The full listing, copied exactly and free of pictures, is the expected reply.

(Information shown):
---

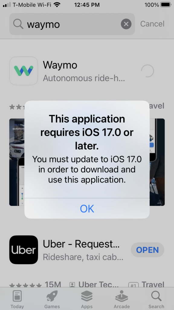 興味本位で乗車してみたいと思い、自分のiPhoneにWaymoのアプリをダウンロードしようと試みましたが、5年前のiPhoneだとOSが古すぎるとのことで出来ませんでした(涙)。
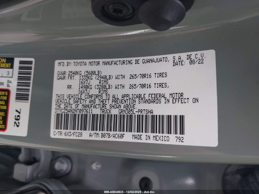 2022 TOYOTA TACOMA 2022 року Бензин, 3.5, Полный привод, vin - 3TYCZ5AN2NT097611 из США
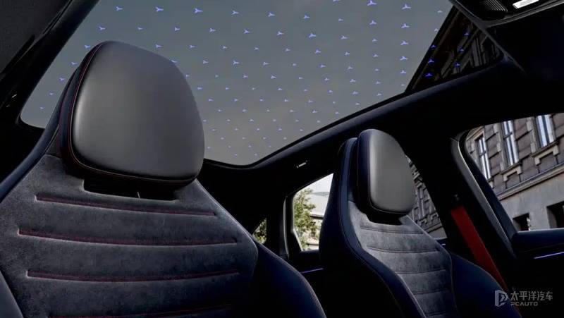 配置上,车辆可选装SKYCONTROL全景天窗,玻璃可在毫秒间切换透明与不透明状态,分为9个独立可控区域,搭配可选装的环境氛围灯,夜间可呈现162颗可变色发光星点。车内配备11种高分辨率环境风格,可选装带声音可视化的主动环境氛围灯,搭配可选装Burmester®4D环绕音响系统。
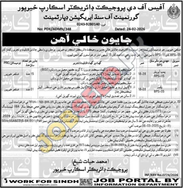 | Job Hiring Organization: | Government of Sindh Irrigation Department |
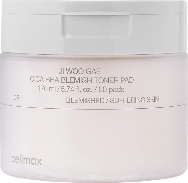 Celimax Ji.Woo.Gae Cica BHA Blemish Toner Pad — корейські тонер-пади для комплексного догляду за проблемною та схильною до висипань шкірою. Просочені активною есенцією, вони поєднують очищення, делікатне відлущування та заспокійливу дію.
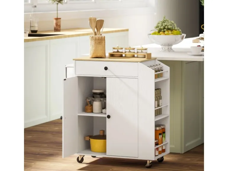 ● Eine Schublade zum Herausziehen und ein zweistufiger Schrank organisieren Küchenutensilien übersichtlich

---

(Response area):
 興味本位で乗車してみたいと思い、自分のiPhoneにWaymoのアプリをダウンロードしようと試みましたが、5年前のiPhoneだとOSが古すぎるとのことで出来ませんでした(涙)。
 2022 TOYOTA TACOMA 2022 року Бензин, 3.5, Полный привод, vin - 3TYCZ5AN2NT097611 из США
 配置上,车辆可选装SKYCONTROL全景天窗,玻璃可在毫秒间切换透明与不透明状态,分为9个独立可控区域,搭配可选装的环境氛围灯,夜间可呈现162颗可变色发光星点。车内配备11种高分辨率环境风格,可选装带声音可视化的主动环境氛围灯,搭配可选装Burmester®4D环绕音响系统。
 | Job Hiring Organization: | Government of Sindh Irrigation Department |
 Celimax Ji.Woo.Gae Cica BHA Blemish Toner Pad — корейські тонер-пади для комплексного догляду за проблемною та схильною до висипань шкірою. Просочені активною есенцією, вони поєднують очищення, делікатне відлущування та заспокійливу дію.
 ● Eine Schublade zum Herausziehen und ein zweistufiger Schrank organisieren Küchenutensilien übersichtlich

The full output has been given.